Borrowing costs that are attributable to acquisition, construction or production of qualifying assets are capitalised as part of such assets. A qualifying asset is an asset that necessarily takes a substantial period of time to get ready for its intended use. All other borrowing costs are recognised as an expense in the period in which they are incurred.

i) Taxes on Income

Provision for tax for the year is made on the assessable income at the tax rate applicable to the relevant assessment year.

Deferred tax is recognised, subject to the consideration of prudence, on timing differences, being the difference between taxable income and accounting income that originate in one period and are capable of reversal in one or more subsequent periods.

j) Impairment of assets

The Company assesses at each Balance Sheet date whether there is any indication that an asset may be impaired. If any such indication exists, the Company estimates the recoverable amount of the asset.
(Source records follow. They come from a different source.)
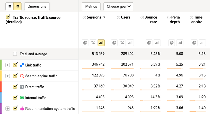 Siteye yapılan her ziyaretin kendi kaynağı vardır. Yandex Metrica tüm kaynakları birkaç grupta toplar. Ayrıntılı bilgi için Yandex Metrica Trafik Kaynağını Nasıl Belirler bölümüne bakın.
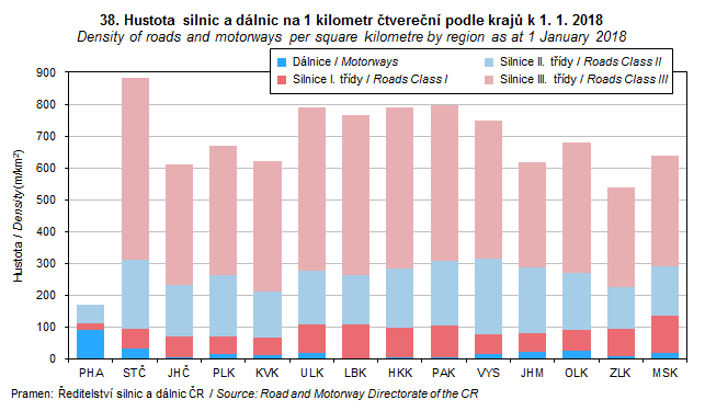 Graph 38. Density of roads and motorways per square kilometre by region as at 1 January 2018
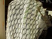 moim zdaniem taki szal jest rzeczą nie tylko piekną ale też i praktyczną, bo nie tylko zdobią ale również dobrze grzeją pomimo ażuru. Są zrobione z mieszanki mohairu (ok. 70%) z innymi dodatkami. Ale nie syntetycznego mohairu, jakich pełno w pasmanteriach, gdzie na etykiecie wielkimi literami pisze mohair a w składzie 100% poliester.
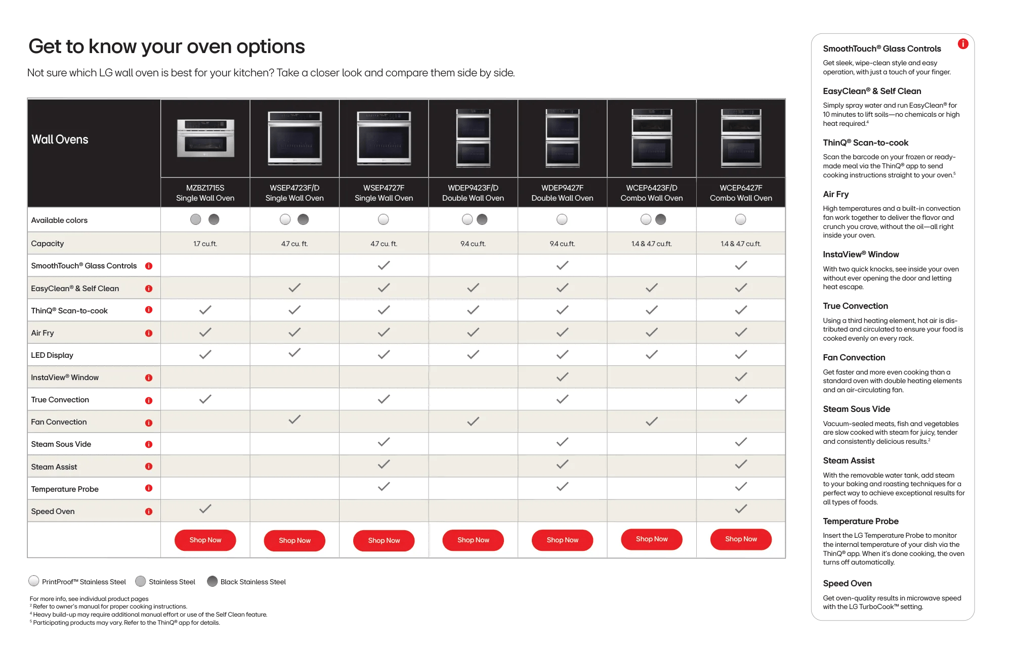 Not sure which LG wall oven is best for your kitchen? Take a closer look and compare them side by side below or download as PDF.
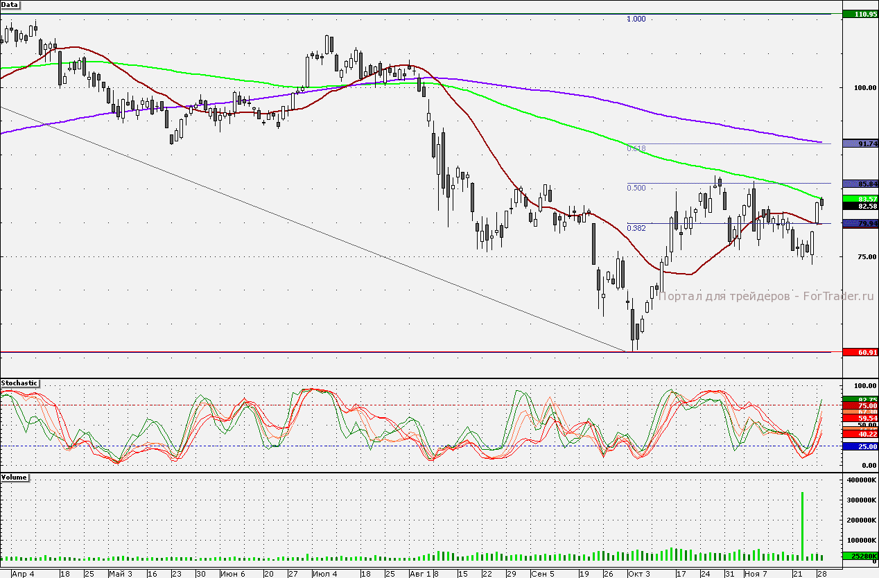 Акции банка протестировали 100-дневную скользящую среднюю – 83,57 руб., вблизи которой состоялось закрытие. Сопротивлением является 85 руб. Поддержкой является 80 руб., чуть ниже данного уровня проходит 21-дневная скользящая средняя (79,77 руб.).
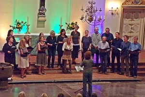 | Zum Abschluss des Konzertes erklang das von allen Sängerinnen und Sängern gemeinsam gesungene "Evening rise" unter dem Dirigat von Carl-Walter Petersen (Bild unten). Die Kieler Nachrichten veröffentlichte am 12.9.2016 einen großen Bildbericht über die Veranstaltung des Fördervereins unter der Überschrift "Musikalische Hilfe für den Wetterhahn". Darüber freuten sich alle Beteiligten. Der Einsatz für die gute Sache hat sich gelohnt! | |||||
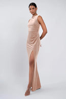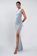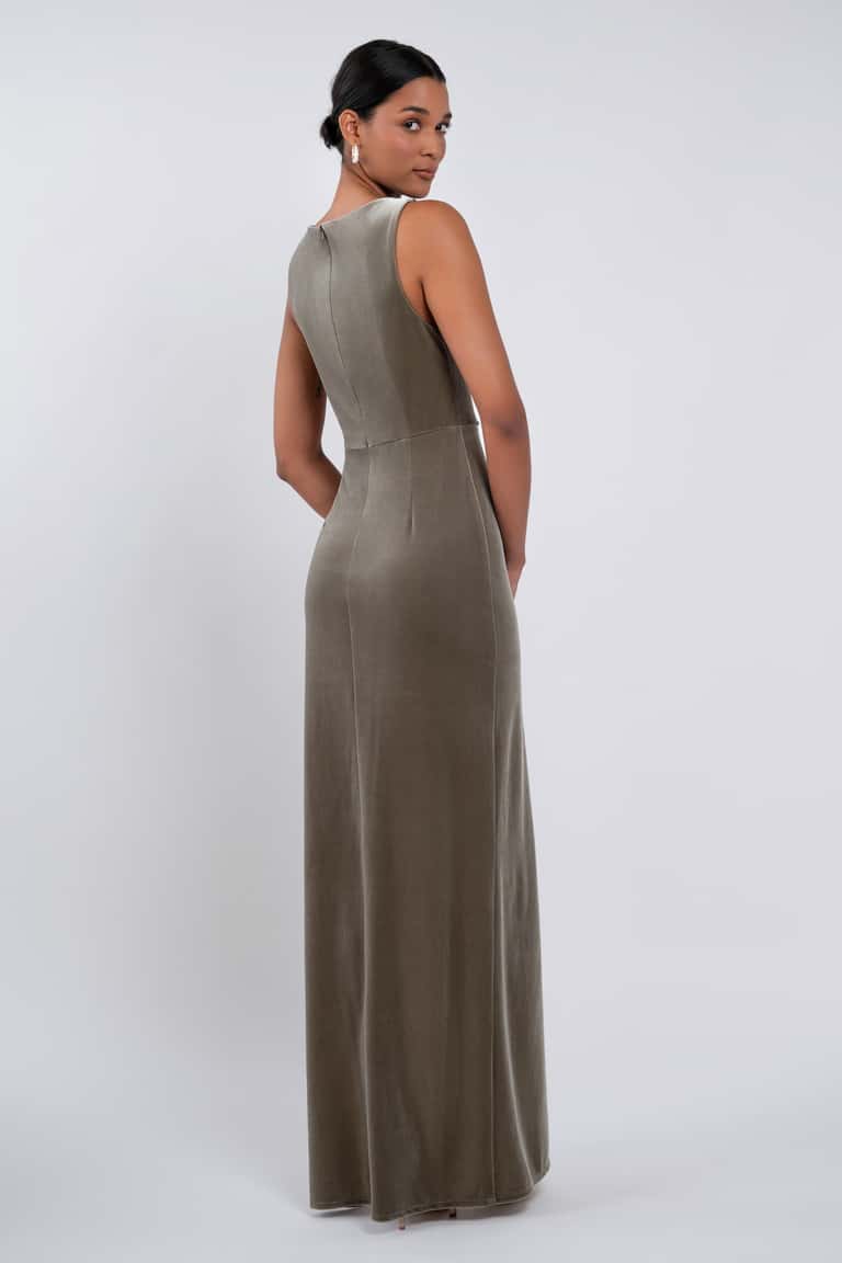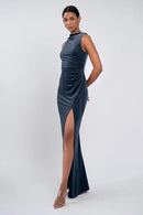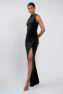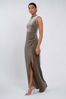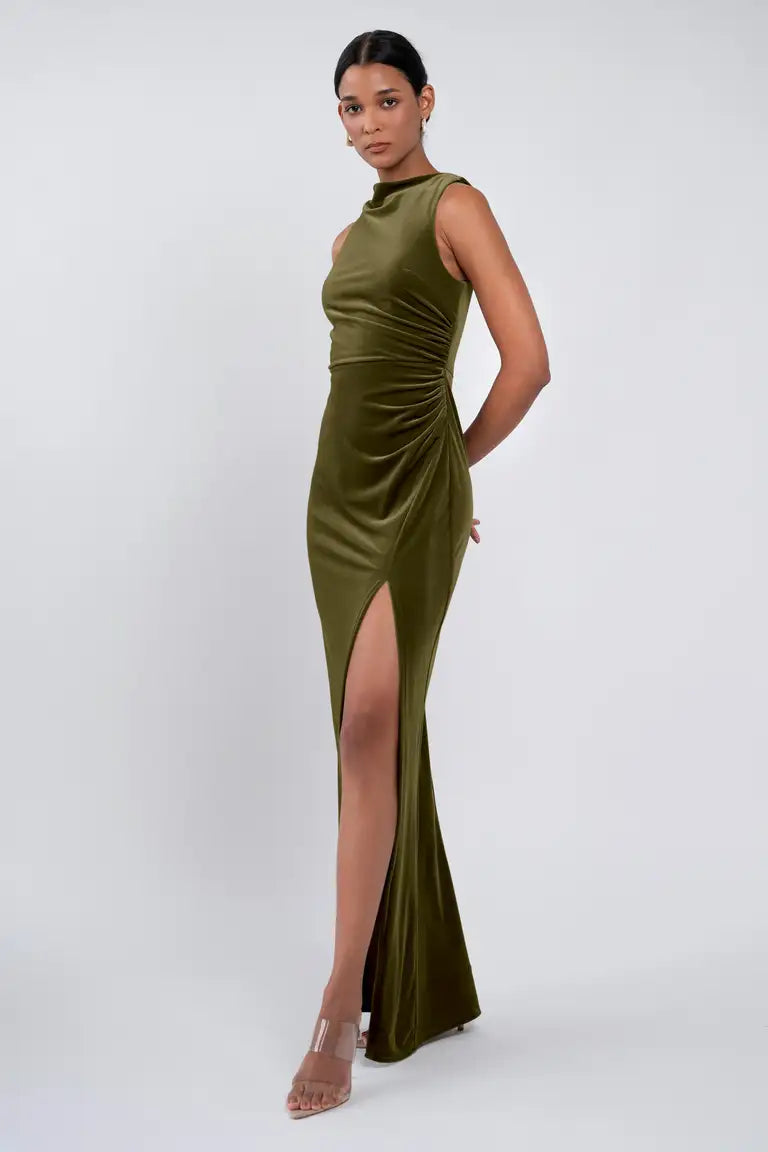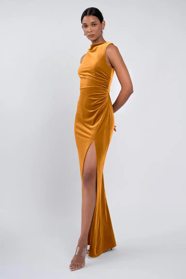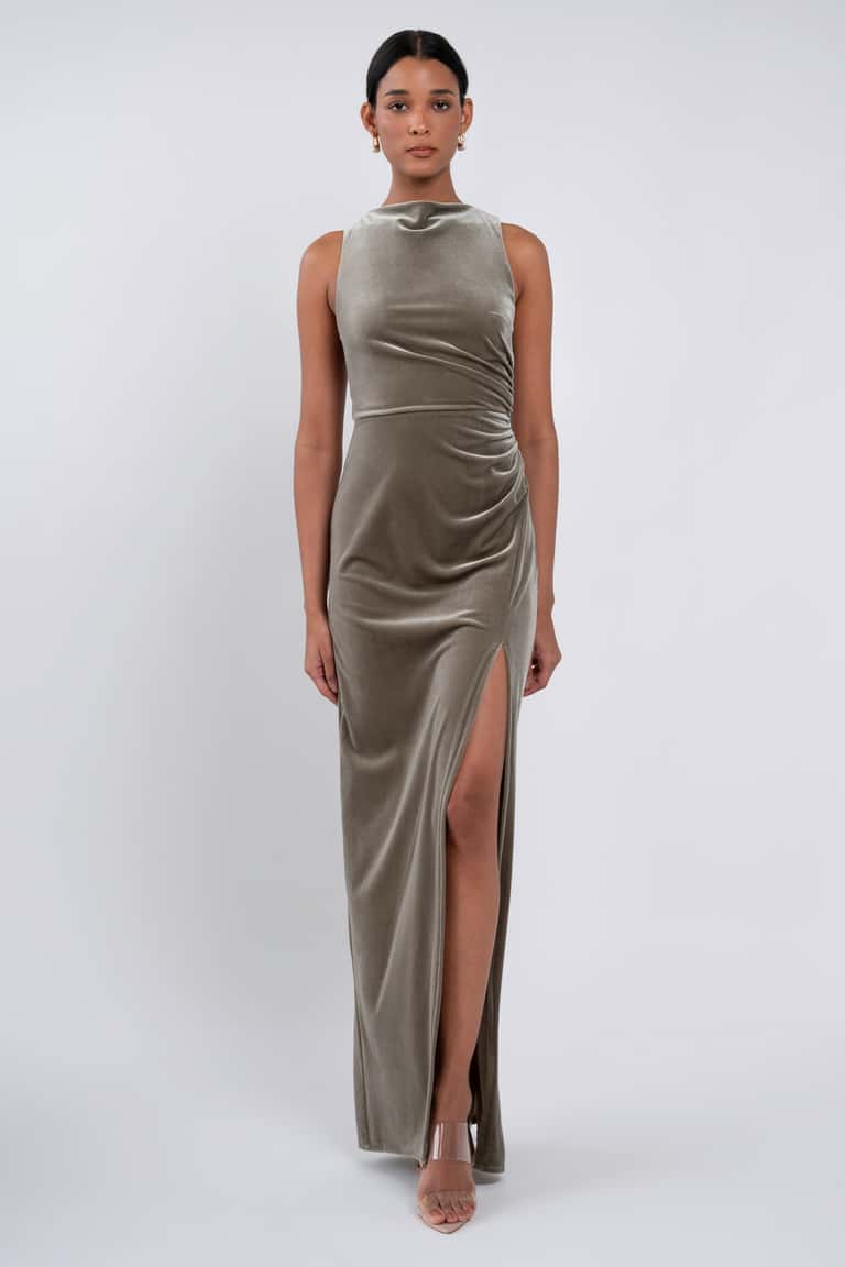 The Brielle dress is effortlessly chic. Our beautifully lustrous stretch velvet fabric is elegantly draped into a sleek high neckline, while the gathered midsection offers a flattering fit for all.
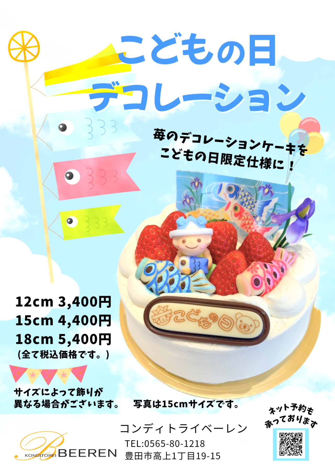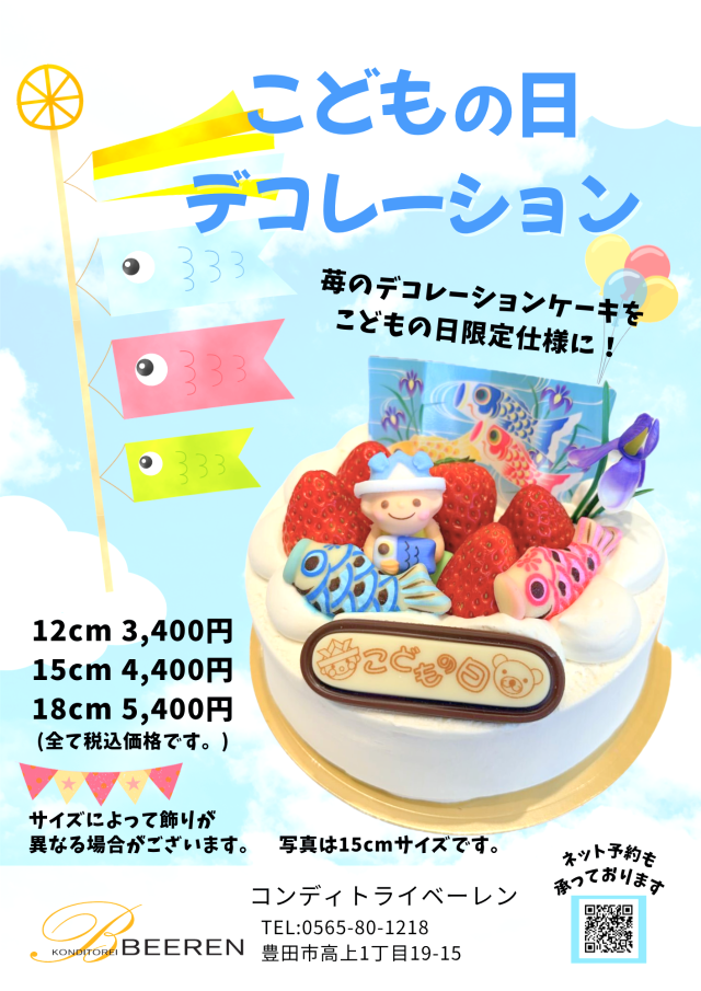 イベント 投稿日2026.04.28 ◇こどもの日◇ こどもの日デコレーション ご予約承り中です!!! 人気の苺デコレーションをこどもの日仕様にしました(*^^*) 18cm以上のサイズをご希望の方は店舗までお問い合わせください♪ お子様の健やかな成長を願って、ひとつひとつ丁寧にお作りいたします。

The recoverable amount is higher of the asset’s net selling price or estimated future cash flows which are discounted to their present value based on appropriate discount rates. If such recoverable amount of the asset or recoverable amount of the cash generating unit to which the asset belongs is less than its carrying amount, the carrying amount is reduced to its recoverable amount. The reduction is treated as an impairment loss and is recognised in the Profit and Loss Account. If at the Balance Sheet date there is an indication that if a previously assessed impairment loss no longer exists, the recoverable amount is reassessed and the asset is reflected at the recoverable amount.

k) Warranty

A provision is recognised for expected warranty claims on products sold during the last one year, based on past experience of level of repairs and returns. It is expected that this cost will be incurred by the end of the next financial year. Assumptions used to calculate the provision for warranties are based on current sales level and current information available about returns.

l) Provisions for contingent liabilities

The Company recognises a provision when there is a present obligation as a result of a past event that probably requires an outflow of resources and a reliable estimate can be made of the amount of the obligation. A disclosure for a contingent liability is made when there is a possible obligation or a present obligation that may, but probably will not, require an outflow of resources. Where there is a possible obligation or a present obligation that the likelihood of outflow of resources is remote, no provision or disclosure is made.